Competing Interests: The authors have declared that no competing interests exist.

Figures

Figure 1
Figure 1. Bacterial clearance is mediated by IL-1β and IL-1R but not IL-1α.
Groups of 5–8 mice were inoculated with B. pertussis (5×105 CFU) suspended in a 50 µL droplet of PBS and euthanized at indicated time points to determine bacterial CFUs in lung homogenates. The mean ± standard error was graphed for each group at the specified time-point and is representative of three independent experiments. Significance was calculated using one-way ANOVA with Dunnet’s multiple comparison post-hoc analysis. *p<0.05, **p<0.01; WT vs IL-1β−/− (*), vs IL-1α−/− (†), vs IL-1R−/− (‡).
Figure 2
Figure 2. IL-1 signaling limits lung inflammation during B. pertussis infection.
Groups of four mice were either (A–D) uninfected or inoculated with B. pertussis and euthanized at (E–H) 7 days or (I–L) 28 days post-inoculation. Automated H&E staining was performed on 5 µm paraffin-embedded sections. Images were taken and are representative of 10–12 fields per group. Lung homogenate cytokine measurements (M–N) were measured by ELISA from uninfected mice or on days 3, 7, 14, or 28 post-inoculation (n = 4–8). ELISA significance was determined by one-way ANOVA with Dunnet’s post-hoc test. *p<0.05 represents a significant difference from WT mice.
Figure 3
Figure 3. IL-1 is not required for recruitment of immune cells to the lung.

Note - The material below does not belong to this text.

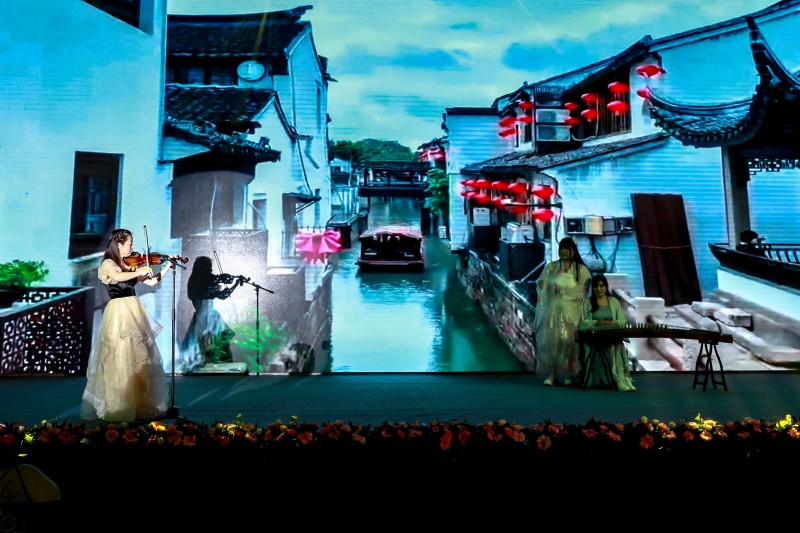 “弦依高张断,声随妙指续。”这或许是对古筝最精妙的描述。古筝登台,传统曲艺技能让观众眼前一亮。小提琴弦音如丝绢般轻滑,如溪水般缓缓流动。而后歌声融入琴声之中,舒缓涌入听众耳中,重回“种豆南山下”的悠然自得。

Lungs were excised and made into a single cell suspension for flow cytometry at the indicated days post-inoculation. Cells were stained with anti-CD45 to identify hematopoietic cells and anti-CD11b, CD3, CD4, CD8, Ly6G, and F4/80 for further subsets. Gating for T cells subsets was performed on CD45+CD3+ cells with quadrant gating to identify either (A) CD4+ or (B) CD8+ single-positive T cells. Gating on CD45+CD11b+ cells, (C) Ly6G+ neutrophils or (D) F4/80+ macrophages were identified. Data was collected with a BD LSRII flow cytometer. Bars indicate the mean percentage of each group (n = 6) with (*) indicating p<0.05 using the Kruskal-Wallis test with Dunn’s post-hoc test for multiple comparisons.
Figure 4
Figure 4. IL-1β production is caspase-1 dependent in vitro but independent in vivo.
To determine if in vitro IL-1β processing is dependent upon caspase-1, bone marrow-derived macrophages were (A) primed 3 h prior to inoculation and were washed and treated with fresh media, ATP (5 mM), or live B. pertussis (MOI 10) or (B) seeded at 106 cells/well and primed with LPS or washed and treated with media, ATP (5 mM), or live B. pertussis (MOI 100) for 6 hours in FBS-free DMEM, and supernatant was collected. The requirement for caspase-1 during infection and the ability to produce IL-1β in response to live B. pertussis was assessed by (C) inoculating groups of four mice per time point with B. pertussis (5×105 CFU) and lungs were dissected for determining bacterial CFUs ± standard error. (D) To identify whether cleaved IL-1β was produced in caspase-1 deficient mice, lung homogenates from day 3 post-inoculation were run on 12% gels and probed with anti-IL-1β. Data is representative of at least two independent experiments.
Figure 5
Figure 5. Adaptive immune responses are IL-1 dependent but Caspase-1 independent.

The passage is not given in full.